Making Waves

Emma González Has Become the Face of the Gun-Control Movement

González is a rising sophomore at New College of Florida.

By Pam Daniel June 27, 2019 Published in the July 2019 issue of Sarasota Magazine

Emma González, far right, after her March 2018 speech at March for Our Lives in Washington, D.C.

With her buzzed hair and luminous brown eyes, the 19-year-old Parkland shooting survivor, a rising sophomore at New College of Florida, has become the unforgettable face of the gun-control movement. Just three days after the Feb. 14, 2018  shooting, Emma González delivered an impassioned speech at a Broward County rally, with a refrain the crowd picked up and chanted back: “We call B.S.!” [on lawmakers in thrall of the NRA]. She helped create the March for Our Lives demonstrations in March 2018, which drew more than a million people across the country and was one of the largest American protests ever. She continues to work with the organization, which is holding rallies and registering new young voters across the country.

Why We Love Her

Because she is more at ease in her own skin than most people decades older will ever be. Two weeks after the shooting, she wrote an essay for Harper's Bazaar that began: “My name is Emma González. I’m 18 years old, Cuban and bisexual.” She likes to quote Eleanor Roosevelt: “No one can make you feel inferior without your consent.”

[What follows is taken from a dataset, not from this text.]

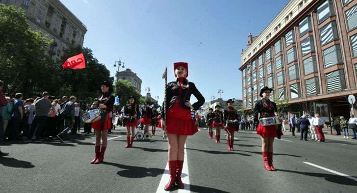 В столице начался масштабный митинг. Украинцы, одетые в красную одежду, вышли в центр Киева с транспарантами и плакатами с требованием улучшения уровня жизни в государстве, уменьшение оплаты за коммунальные услуги и прекращения войны на Донбассе. Всего колонна активистов составила около 2 тысяч человек.

Because although she’s admitted that she’s “deathly afraid” of people who threaten “the only way they want to talk is if we’re standing on the other end of their AR-15s,” she continues to stand up and speak out. “Adults like us when we have strong test scores, but they hate us when we have strong opinions,” she has said.

Because her voice is so powerful that 10 days after she started a Twitter account (Emma4Change), she had 1 million followers. Now close to 1.7 million—more than twice as many as follow the NRA—engage with her tweets, which mix information about gun violence with shout-outs to her favorite rock bands.

Because despite her instant and enormous fame, she has no interest in being a celebrity, declining most interviews, keeping her personal life private and quietly going about her studies at New College.

Because when her parents objected after she proposed shaving her head—an idea she says was prompted by the Florida heat—she created a PowerPoint presentation that cracked them up and won them over.

Because although she has bouts of terrible sadness and loss, she refuses to give up—on her own life, or on America itself. Everywhere she goes, she says, she sees people deciding to engage with politics and work for change, realizing “we are the checks and balances” on a government that refuses to act.

Because more than anything, her activism is driven by love. As she wrote in The New York Times, “Everything we’ve done and everything we will do, is for them [the slain students.] It’s for ourselves. It’s for every person who has gone through anything similar to this, for every person who hasn’t yet, for every person who never will.”